Application of Tax. If an ATEO and related organizations pay a covered employee more than $1 million for any year, that excess is subject to the 21 percent excise tax. A payment contingent on separation from employment is taxable if it exceeds three times the covered employee’s “base amount,” i.e., the employee’s average annual compensation over the prior five years. In that event, the tax is imposed on everything above the base amount, not just the amount that exceeds three times the base.

Filing Requirements. An ATEO or related organization, including a for-profit entity, reports its share of Section 4960 excise tax on IRS Form 4720, filed with its annual Form 990 information return. The returns and any associated tax are due by the 15th day of the fifth month after the end of the employer’s tax year (May 15 for a calendar-year filer), although the return filing deadline (but not the deadline for paying the tax) can be extended for up to six months. The filing organization need not have taken the excise tax liability into account in calculating its quarterly estimated tax payments; instead, the entire amount is payable with the Form 4720.

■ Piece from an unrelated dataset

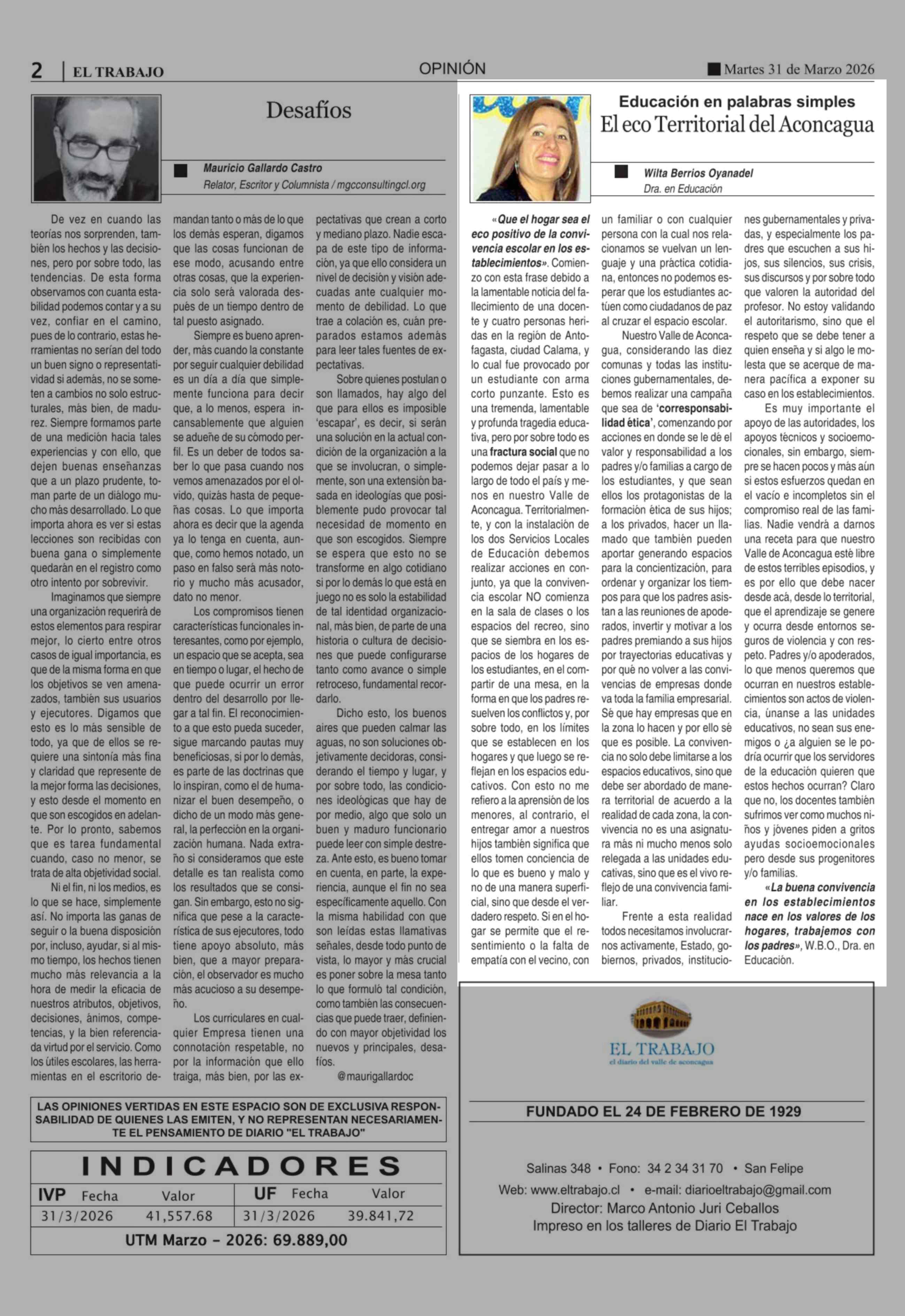 Fecha: 31-03-2026 Sector: Columnas de Opinión Región: Región de Valparaíso

Application of the Excess Benefit and Self-Dealing Rules. Paying remuneration subject to these excise taxes is not necessarily an excess benefit transaction under Section 4958, nor is it automatically an act of self-dealing under the private foundation rules. On the other hand, no presumption arises that such payments are reasonable or proper, so each compensation arrangement must be reviewed separately for potential excess benefit or self-dealing.